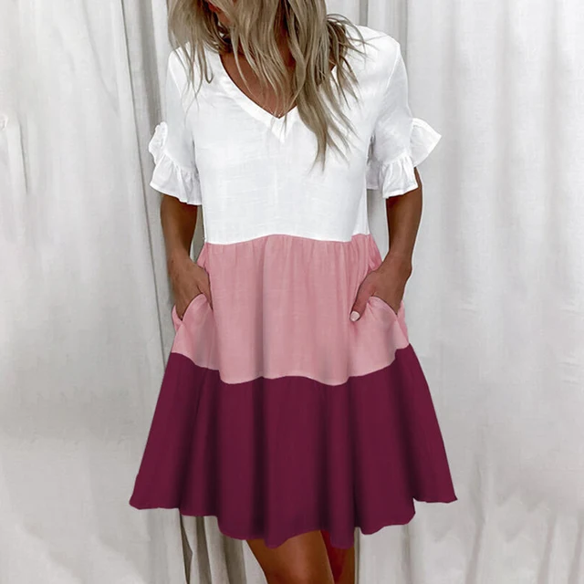 Женское мини-платье с оборками, летние модные элегантные лоскутные ...
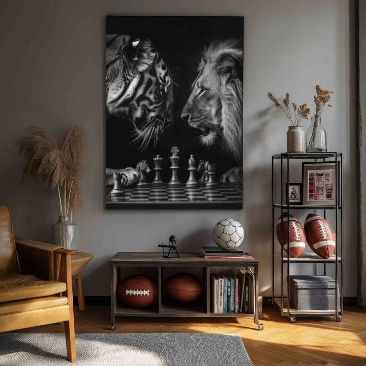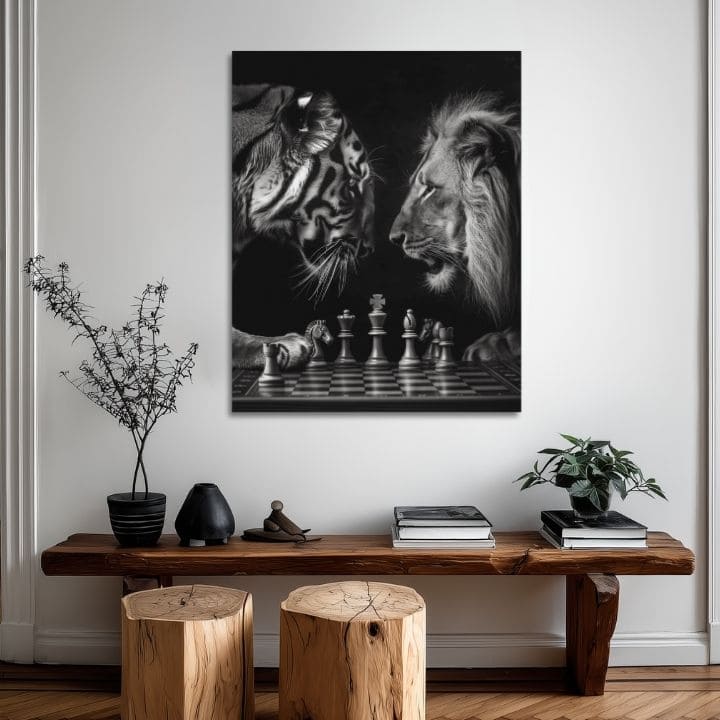 Introduction » НОВОСТИ И АКЦИИ » Изображението на платното Лъв и тигър - Стратегия за шах
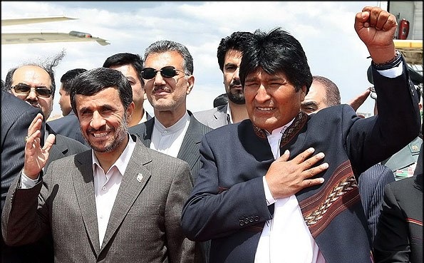 Ahmadinejad-Evo-Morales El presidente Evo Morales festejó su cumpleaños número 51 en la República Islámica de Irán, donde resaltó las coincidencias con el régimen integrista y habló de conformar juntos un “frente mundial anticapitalista”. Llama la atención que el mandatario recién haya sido recibido por Mahmud Ahmadinejad un día después de su llegada a Irán y que mientras tanto sólo fuese acompañado por figuras de segundo orden del gobierno de Teherán. En cambio, el presidente iraní fue recibido con pompa en el aeropuerto de El Alto a su llegada en el 2009. ¿Es la diferencia entre un gobierno líder y otro satélite dentro del mismo bloque? Por supuesto, y aunque los discursos fueran por otros rumbos, el uranio tiene que haber sido uno de los puntos centrales de la agenda, habida cuenta de la intención manifiesta de ambos gobiernos de incluir la cooperación iraní en la elaboración de la carta geológica boliviana. Una vez más cabe preguntarse qué interés podría tener Bolivia en participar en el desarrollo de un polémico programa nuclear que puede conducir a una conflagración bélica internacional, o si no estaremos más bien ante una clara política antinacional.
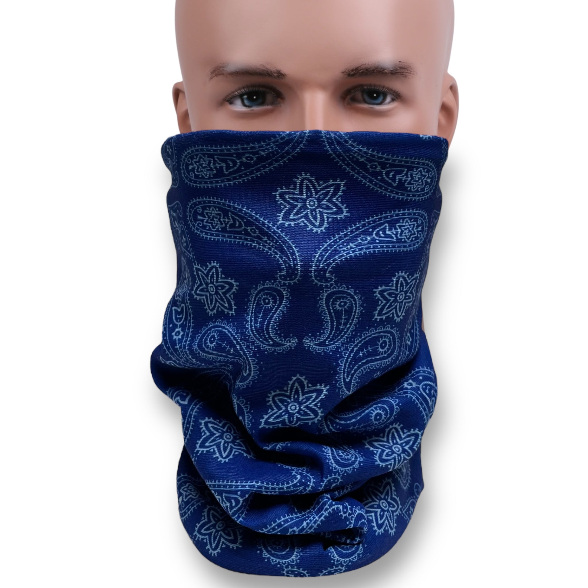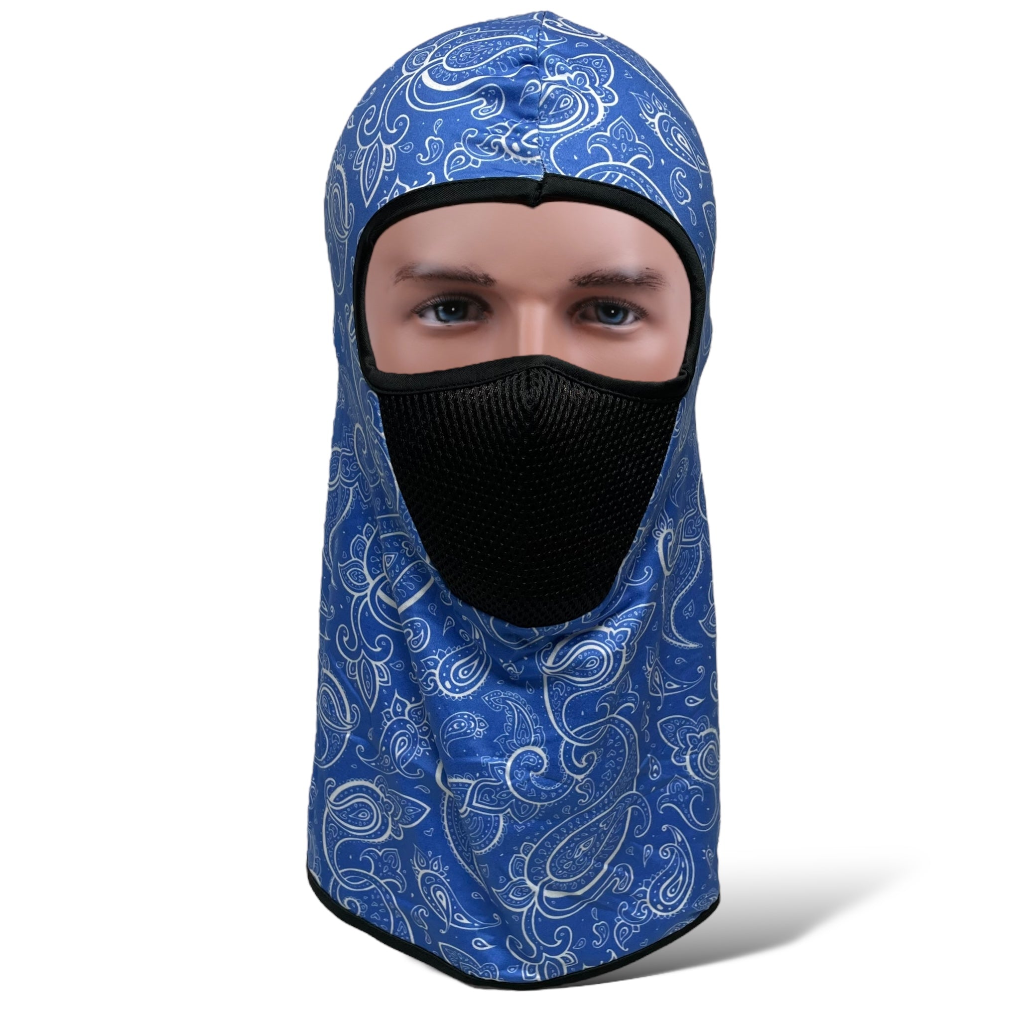 • Distressed Knit Full-Face Balaclava Ski Mask - Blue/White Winter Hip-Hop Headgear

* TASK GOAL
Would you copy each line above exactly as given, dropping any images?

* RESULT BELOW
 Женское мини-платье с оборками, летние модные элегантные лоскутные ...
 Introduction » НОВОСТИ И АКЦИИ » Изображението на платното Лъв и тигър - Стратегия за шах
 Ahmadinejad-Evo-Morales El presidente Evo Morales festejó su cumpleaños número 51 en la República Islámica de Irán, donde resaltó las coincidencias con el régimen integrista y habló de conformar juntos un “frente mundial anticapitalista”. Llama la atención que el mandatario recién haya sido recibido por Mahmud Ahmadinejad un día después de su llegada a Irán y que mientras tanto sólo fuese acompañado por figuras de segundo orden del gobierno de Teherán. En cambio, el presidente iraní fue recibido con pompa en el aeropuerto de El Alto a su llegada en el 2009. ¿Es la diferencia entre un gobierno líder y otro satélite dentro del mismo bloque? Por supuesto, y aunque los discursos fueran por otros rumbos, el uranio tiene que haber sido uno de los puntos centrales de la agenda, habida cuenta de la intención manifiesta de ambos gobiernos de incluir la cooperación iraní en la elaboración de la carta geológica boliviana. Una vez más cabe preguntarse qué interés podría tener Bolivia en participar en el desarrollo de un polémico programa nuclear que puede conducir a una conflagración bélica internacional, o si no estaremos más bien ante una clara política antinacional.
 • Distressed Knit Full-Face Balaclava Ski Mask - Blue/White Winter Hip-Hop Headgear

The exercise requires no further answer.